# Unusual patio cover



## ICE (Oct 22, 2011)

There is a permit from 1983 to "legalize" the patio cover.  That means that it was built without a permit prior to 1983.  The permit doesn't indicate square footage and this is about 1000 sq. ft.   Beyond that fact that it is dilapidated is that it was never structurally sound, or even close.  Many of the saddles have no attachment to the beam.  Some have one nail.  The only counterforce to uplift is gravity.  The owner wants to replace the roofing.







The hardware is a sleeve that fits the round beam with a saddle welded to the sleeve.  That sounds reasonable enough until you realize that the sleeve is free to rotate.






There is a beam splice over the post and the beams are free floating from the post and each other.






The beam is held in place by magic.  There are six just like it.  This is proof that a fascia board can be stronger than we give credit.  The same goes for air connections.











The saddle is attached to the post with one nail on one side of the post and the beam is not attached to anything.  The 2"x6" sheathing is cantilevered and a bit rotten.


----------



## ICE (Oct 22, 2011)

I can only put six pictures in one post.  Can that be raised to ten?
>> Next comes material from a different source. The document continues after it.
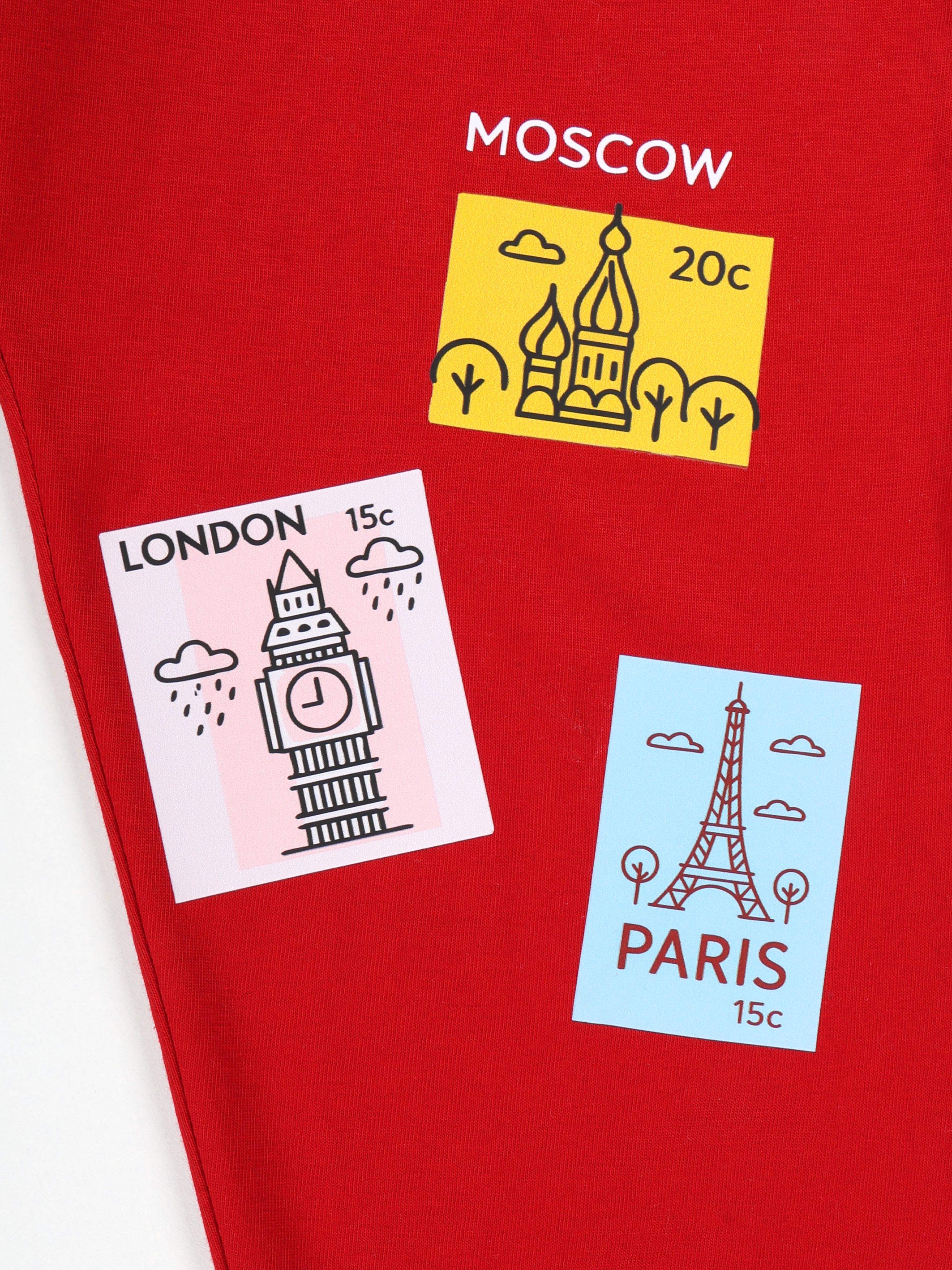 Travel-themed red jogger with vibrant city stamp graphics – London, Paris, Moscow, Italy – encouraging little explorers

In as much as there are no positive connections anywhere else, I would guess that the beams resting on beams are doing just that, resting.  The sheathing is holding them in place.  Taking this mess apart will require a plan of action.  The job will most likely fall to a crew of landscapers.


----------



## fatboy (Oct 23, 2011)

hmmm..... wow....... again. The fact that this made it long enough to need the roofing replaced, and rot the decking is amazing. They must get zero winds. Make it legal by tearing it down, as you said, systematically and carefully. eeeek


----------



## Jarboa (Oct 25, 2011)

Sure would like to see whats behind that soffit. Just to see whats held it up this long. My vote Demo Demo Demo.


----------



## jim baird (Oct 25, 2011)

This job reminds me of the idea that building codes help "protect people from themselves".


----------



## globe trekker (Oct 25, 2011)

Salvage the wood to offset the costs maybe. Some of it looks like it could still

be structurally sound! Anyone in your area perform any reclamation work?

Nice pics. by the way!    Keep `em coming!

.


----------



## Alias (Oct 25, 2011)

Agree with jim, need to protect the happy homeowner/business owner from themselves in some cases. Yikes!

Love the electrical.  Tear it down and start again. Amazing that it has held up this long!

Sue


----------



## GCtony (Oct 25, 2011)

NO, Don't tear it down!!!  There has to be a structural engineer with post and beam experiance somewhere that can figure it out. It would be a shame to lose something like this to your local landfill.  Do you know if the timber and planking are redwood?


----------



## sonomaconsultant (Oct 25, 2011)

That should win a blue ribbon for FUBAR of the month!


----------



## ICE (Oct 25, 2011)

GCtony said:
			
		

> NO, Don't tear it down!!!  There has to be a structural engineer with post and beam experiance somewhere that can figure it out. It would be a shame to lose something like this to your local landfill.  Do you know if the timber and planking *are redwood*?


They are firewood.  It's gone.


----------